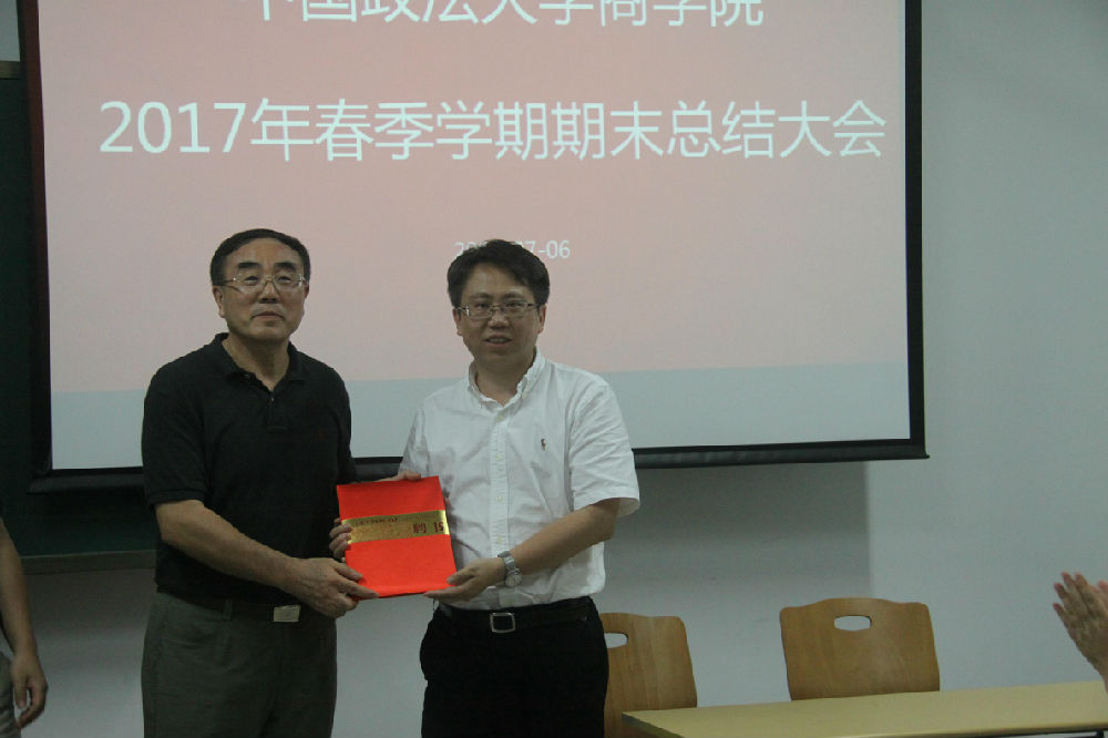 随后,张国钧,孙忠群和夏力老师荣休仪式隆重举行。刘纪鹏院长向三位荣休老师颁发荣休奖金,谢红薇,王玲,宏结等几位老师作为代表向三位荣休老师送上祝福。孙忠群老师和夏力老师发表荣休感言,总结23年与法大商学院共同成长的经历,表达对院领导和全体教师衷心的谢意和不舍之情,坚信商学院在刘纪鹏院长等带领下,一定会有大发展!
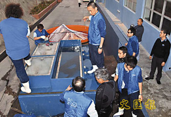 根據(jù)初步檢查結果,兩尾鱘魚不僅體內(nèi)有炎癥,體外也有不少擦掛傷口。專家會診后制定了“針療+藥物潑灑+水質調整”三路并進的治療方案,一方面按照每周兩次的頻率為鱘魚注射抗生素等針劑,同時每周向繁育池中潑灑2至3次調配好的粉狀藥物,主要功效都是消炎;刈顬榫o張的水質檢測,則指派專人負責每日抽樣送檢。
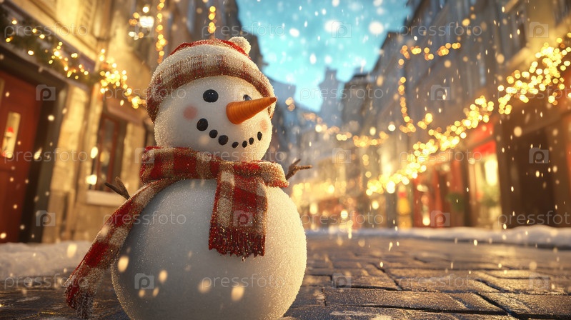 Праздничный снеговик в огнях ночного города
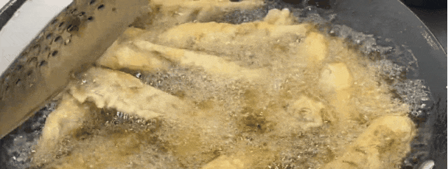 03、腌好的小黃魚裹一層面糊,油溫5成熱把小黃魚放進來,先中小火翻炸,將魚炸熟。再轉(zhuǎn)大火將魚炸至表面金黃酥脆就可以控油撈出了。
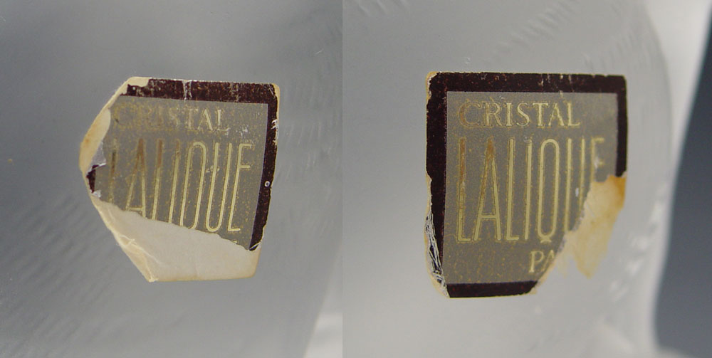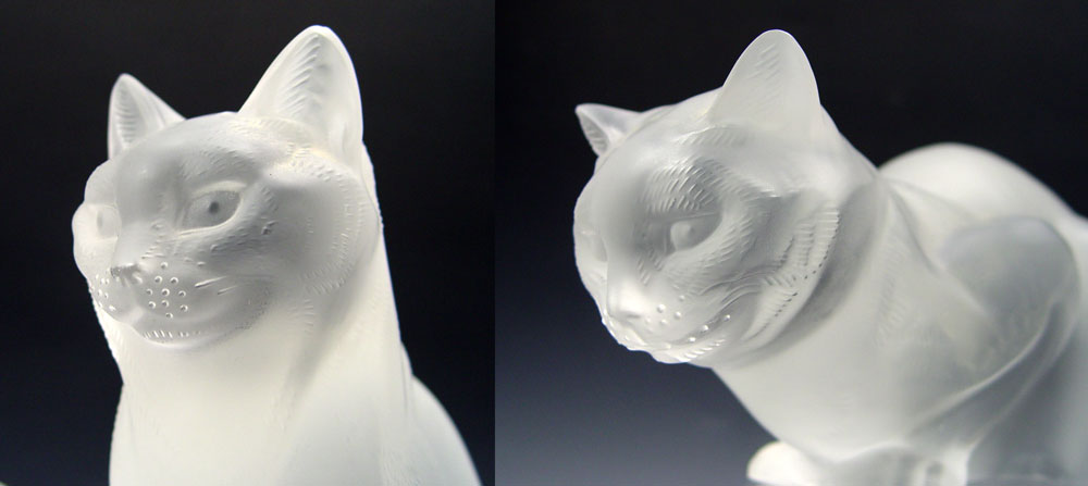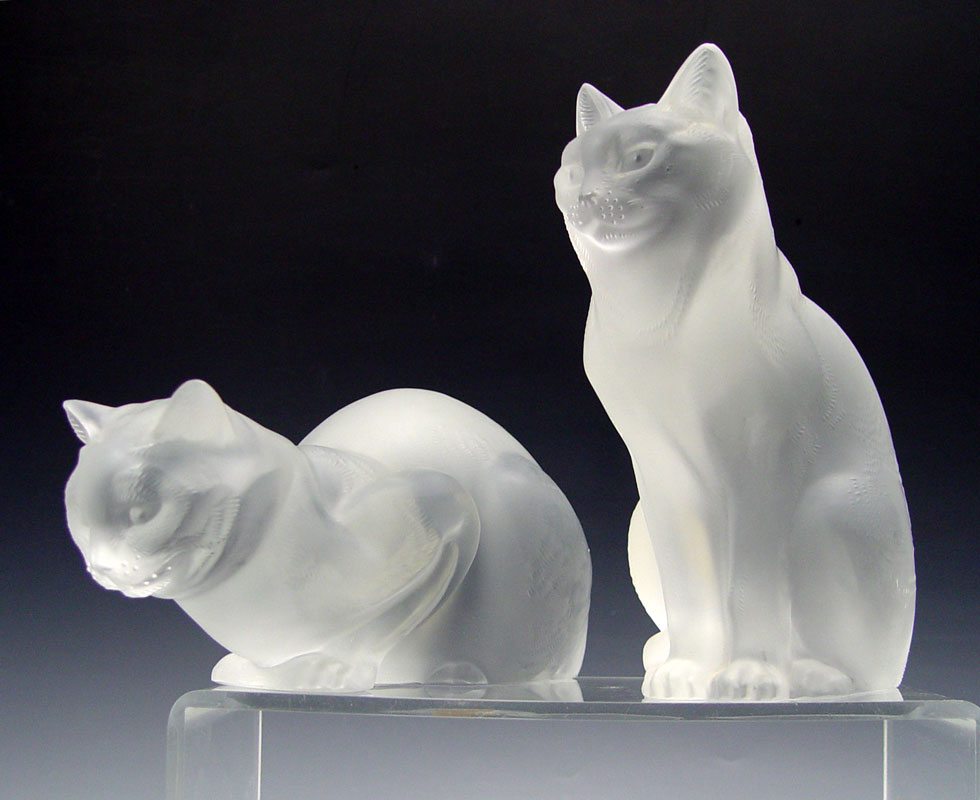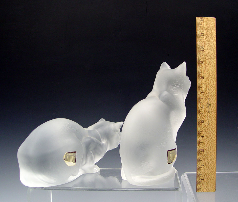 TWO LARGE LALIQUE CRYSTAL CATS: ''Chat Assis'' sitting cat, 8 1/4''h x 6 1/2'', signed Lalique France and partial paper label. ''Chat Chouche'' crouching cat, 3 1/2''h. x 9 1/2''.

§

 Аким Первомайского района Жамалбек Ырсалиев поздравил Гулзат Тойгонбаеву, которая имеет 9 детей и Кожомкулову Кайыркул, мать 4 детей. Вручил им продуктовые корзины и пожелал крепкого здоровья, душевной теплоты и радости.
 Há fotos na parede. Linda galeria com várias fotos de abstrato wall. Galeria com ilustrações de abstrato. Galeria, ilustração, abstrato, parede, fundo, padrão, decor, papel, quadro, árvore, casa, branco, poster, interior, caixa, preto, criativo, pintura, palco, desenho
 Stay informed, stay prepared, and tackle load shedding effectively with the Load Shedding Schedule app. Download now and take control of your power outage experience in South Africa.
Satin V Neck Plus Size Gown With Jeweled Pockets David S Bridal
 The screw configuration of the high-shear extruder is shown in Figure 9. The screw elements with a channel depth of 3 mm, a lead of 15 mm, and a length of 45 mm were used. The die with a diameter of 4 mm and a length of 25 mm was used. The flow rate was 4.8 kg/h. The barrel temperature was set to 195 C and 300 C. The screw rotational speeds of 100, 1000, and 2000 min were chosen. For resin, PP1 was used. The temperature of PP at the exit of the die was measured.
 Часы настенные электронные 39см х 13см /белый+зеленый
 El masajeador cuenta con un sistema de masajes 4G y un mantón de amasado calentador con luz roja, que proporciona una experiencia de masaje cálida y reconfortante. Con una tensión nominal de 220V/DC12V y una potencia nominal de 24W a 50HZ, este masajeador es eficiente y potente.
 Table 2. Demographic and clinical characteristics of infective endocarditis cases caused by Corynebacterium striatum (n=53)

§

## WORK REQUIRED
Would you copy the lines above exactly, starting with the one that has "随后,张国钧,孙忠群和夏力老" and ending with the one that has "TWO LARGE LALIQUE", both included, without the pictures?

## TASK RESPONSE
 随后,张国钧,孙忠群和夏力老师荣休仪式隆重举行。刘纪鹏院长向三位荣休老师颁发荣休奖金,谢红薇,王玲,宏结等几位老师作为代表向三位荣休老师送上祝福。孙忠群老师和夏力老师发表荣休感言,总结23年与法大商学院共同成长的经历,表达对院领导和全体教师衷心的谢意和不舍之情,坚信商学院在刘纪鹏院长等带领下,一定会有大发展!
 根據(jù)初步檢查結果,兩尾鱘魚不僅體內(nèi)有炎癥,體外也有不少擦掛傷口。專家會診后制定了“針療+藥物潑灑+水質調整”三路并進的治療方案,一方面按照每周兩次的頻率為鱘魚注射抗生素等針劑,同時每周向繁育池中潑灑2至3次調配好的粉狀藥物,主要功效都是消炎;刈顬榫o張的水質檢測,則指派專人負責每日抽樣送檢。
 Праздничный снеговик в огнях ночного города
 03、腌好的小黃魚裹一層面糊,油溫5成熱把小黃魚放進來,先中小火翻炸,將魚炸熟。再轉(zhuǎn)大火將魚炸至表面金黃酥脆就可以控油撈出了。
 TWO LARGE LALIQUE CRYSTAL CATS: ''Chat Assis'' sitting cat, 8 1/4''h x 6 1/2'', signed Lalique France and partial paper label. ''Chat Chouche'' crouching cat, 3 1/2''h. x 9 1/2''.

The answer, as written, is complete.